__What the task requires__
From the data below, repeat exactly the lines from the line with "Vea este gráfico" to the line with "kjæledyr / hund tillatt.", both included.

__Working data__
- Opening Delimiter -

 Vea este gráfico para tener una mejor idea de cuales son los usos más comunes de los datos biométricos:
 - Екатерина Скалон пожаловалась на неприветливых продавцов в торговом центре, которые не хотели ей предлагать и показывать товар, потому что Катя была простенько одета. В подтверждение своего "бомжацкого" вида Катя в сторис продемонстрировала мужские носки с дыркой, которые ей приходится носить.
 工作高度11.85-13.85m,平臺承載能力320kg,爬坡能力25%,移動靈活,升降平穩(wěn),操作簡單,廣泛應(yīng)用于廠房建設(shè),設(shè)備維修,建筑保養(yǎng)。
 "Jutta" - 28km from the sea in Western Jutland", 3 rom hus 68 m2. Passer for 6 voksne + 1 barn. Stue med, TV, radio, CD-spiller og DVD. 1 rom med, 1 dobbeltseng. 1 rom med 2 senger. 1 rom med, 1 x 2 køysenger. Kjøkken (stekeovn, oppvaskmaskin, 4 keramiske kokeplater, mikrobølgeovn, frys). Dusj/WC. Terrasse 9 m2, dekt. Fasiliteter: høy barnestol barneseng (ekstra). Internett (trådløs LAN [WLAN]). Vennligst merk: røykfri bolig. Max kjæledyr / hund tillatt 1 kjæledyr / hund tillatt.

- Closing Delimiter -
- Opening Delimiter -

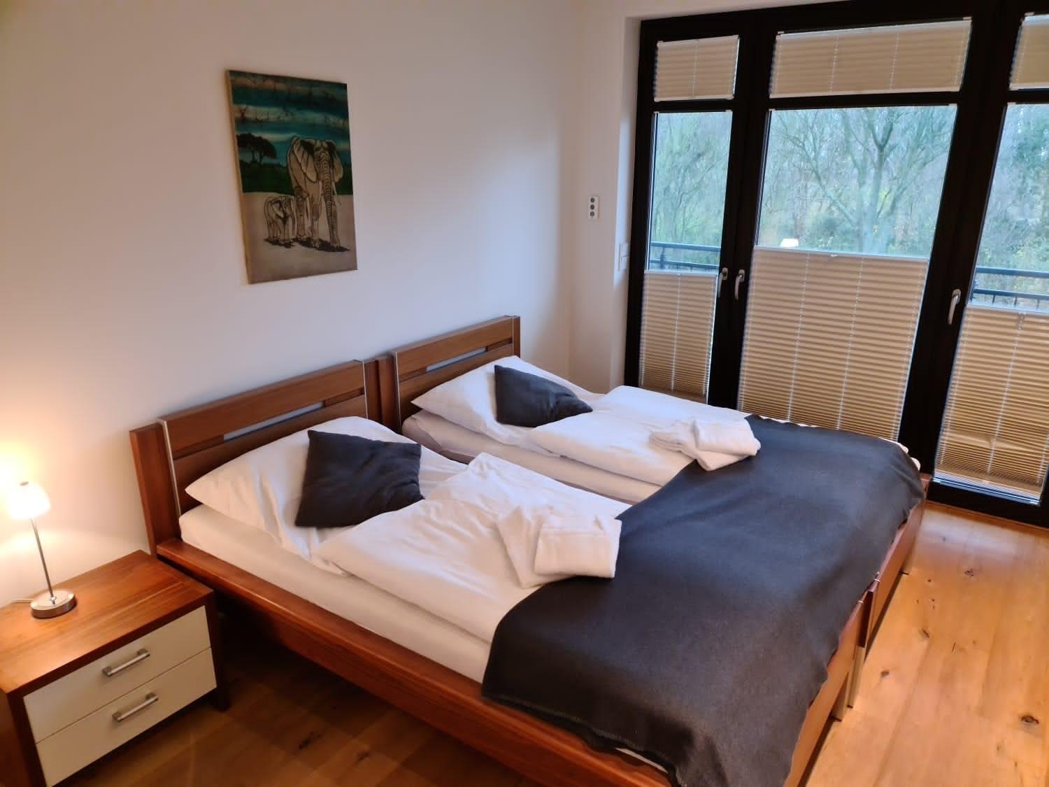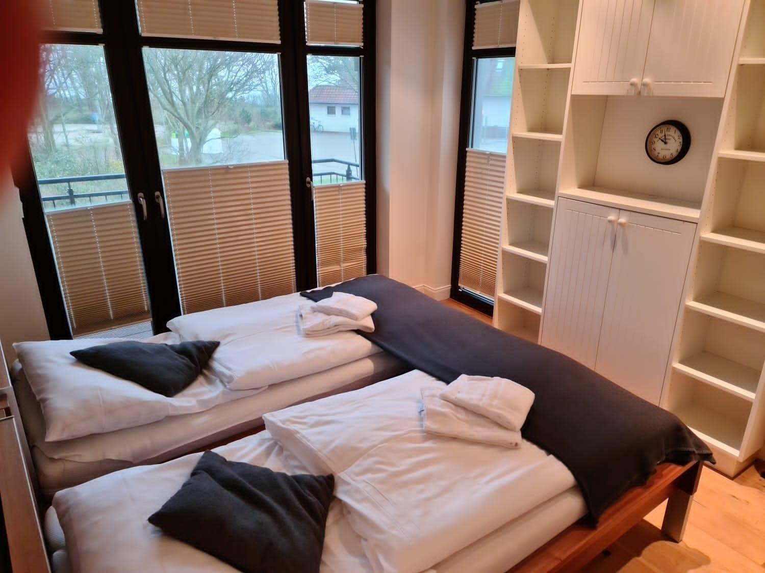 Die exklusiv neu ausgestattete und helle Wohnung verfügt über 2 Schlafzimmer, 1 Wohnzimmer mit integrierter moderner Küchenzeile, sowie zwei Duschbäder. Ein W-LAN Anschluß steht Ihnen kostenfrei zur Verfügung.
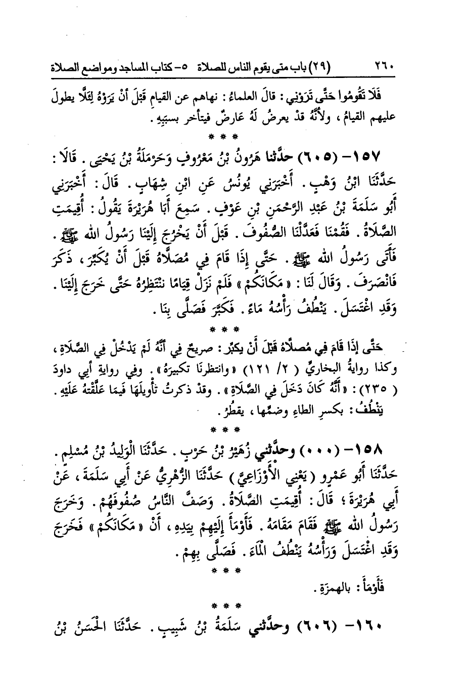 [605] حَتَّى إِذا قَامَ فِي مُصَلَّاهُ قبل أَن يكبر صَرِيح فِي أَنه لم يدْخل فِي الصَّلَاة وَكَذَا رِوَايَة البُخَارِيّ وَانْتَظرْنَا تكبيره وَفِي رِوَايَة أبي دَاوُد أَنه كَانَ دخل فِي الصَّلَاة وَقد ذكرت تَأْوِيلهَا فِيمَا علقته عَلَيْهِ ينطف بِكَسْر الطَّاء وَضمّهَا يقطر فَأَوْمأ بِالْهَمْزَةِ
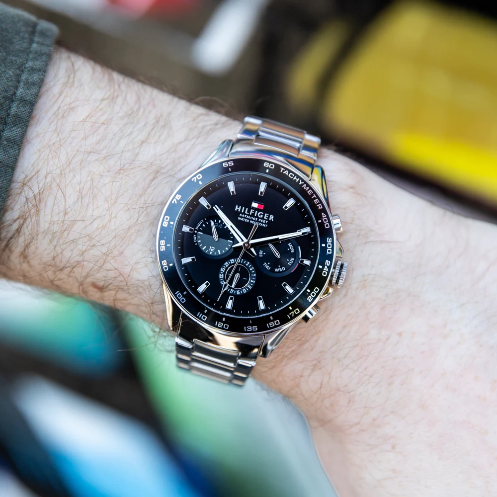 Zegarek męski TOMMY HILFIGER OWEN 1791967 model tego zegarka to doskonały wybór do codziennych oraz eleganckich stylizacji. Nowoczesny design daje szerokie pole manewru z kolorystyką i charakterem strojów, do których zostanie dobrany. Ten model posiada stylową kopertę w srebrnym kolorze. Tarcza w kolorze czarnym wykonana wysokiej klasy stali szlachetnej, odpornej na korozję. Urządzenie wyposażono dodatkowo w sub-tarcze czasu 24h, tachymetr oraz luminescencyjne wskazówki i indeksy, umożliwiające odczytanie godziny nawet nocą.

- Closing Delimiter -

__Task answer__
 Vea este gráfico para tener una mejor idea de cuales son los usos más comunes de los datos biométricos:
 - Екатерина Скалон пожаловалась на неприветливых продавцов в торговом центре, которые не хотели ей предлагать и показывать товар, потому что Катя была простенько одета. В подтверждение своего "бомжацкого" вида Катя в сторис продемонстрировала мужские носки с дыркой, которые ей приходится носить.
 工作高度11.85-13.85m,平臺承載能力320kg,爬坡能力25%,移動靈活,升降平穩(wěn),操作簡單,廣泛應(yīng)用于廠房建設(shè),設(shè)備維修,建筑保養(yǎng)。
 "Jutta" - 28km from the sea in Western Jutland", 3 rom hus 68 m2. Passer for 6 voksne + 1 barn. Stue med, TV, radio, CD-spiller og DVD. 1 rom med, 1 dobbeltseng. 1 rom med 2 senger. 1 rom med, 1 x 2 køysenger. Kjøkken (stekeovn, oppvaskmaskin, 4 keramiske kokeplater, mikrobølgeovn, frys). Dusj/WC. Terrasse 9 m2, dekt. Fasiliteter: høy barnestol barneseng (ekstra). Internett (trådløs LAN [WLAN]). Vennligst merk: røykfri bolig. Max kjæledyr / hund tillatt 1 kjæledyr / hund tillatt.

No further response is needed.